The `kuromoji_tokenizer` tokenizer uses characters from the MeCab-IPADIC dictionary to split text into tokens. The dictionary includes some full-width characters, such as `o` and `f`. If a text contains full-width characters, the tokenizer can produce unexpected tokens.
For example, the `kuromoji_tokenizer` tokenizer converts the text `CultureofJapan` to the tokens `[ culture, o, f, japan ]` instead of `[ culture, of, japan ]`.

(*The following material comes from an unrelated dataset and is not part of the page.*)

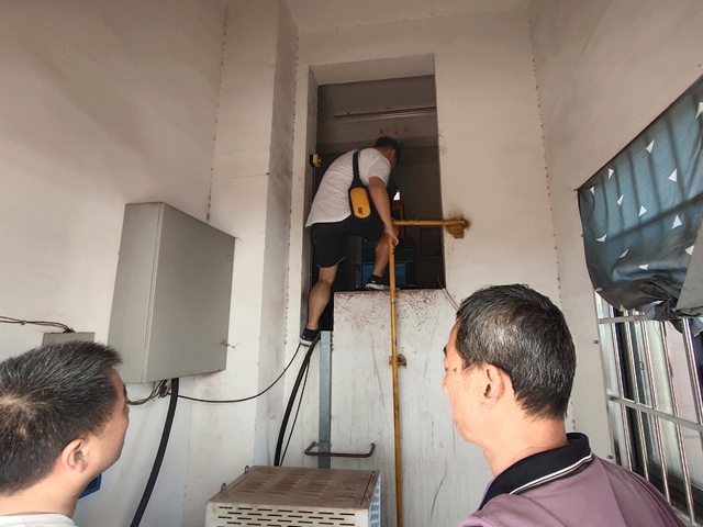 湖北日报客户端讯(通讯员刘晓丹、杨彩云)为确保辖区小区电梯稳定运行,消除电梯安全隐患,有效预防和减少电梯安全事故,8月2日,赤壁市赤马港街道北站社区连同赤壁市特种设备安全监督检验研究中心工作人员在长城花园小区开展电梯安全隐患排查工作。

To avoid this, add the [`icu_normalizer` character filter](/reference/elasticsearch-plugins/analysis-icu-normalization-charfilter.md) to a custom analyzer based on the `kuromoji` analyzer. The `icu_normalizer` character filter converts full-width characters to their normal equivalents.
First, duplicate the `kuromoji` analyzer to create the basis for a custom analyzer. Then add the `icu_normalizer` character filter to the custom analyzer. For example:
```console
PUT index-00001
{
"settings": {
"index": {
"analysis": {
"analyzer": {
"kuromoji_normalize": { <1>
"char_filter": [
"icu_normalizer" <2>
],
"tokenizer": "kuromoji_tokenizer",
"filter": [
"kuromoji_baseform",
"kuromoji_part_of_speech",
"cjk_width",
"ja_stop",
"kuromoji_stemmer",
"lowercase"
]
}
}
}
}
}
}
```
1. Creates a new custom analyzer, `kuromoji_normalize`, based on the `kuromoji` analyzer.
2. Adds the `icu_normalizer` character filter to the analyzer.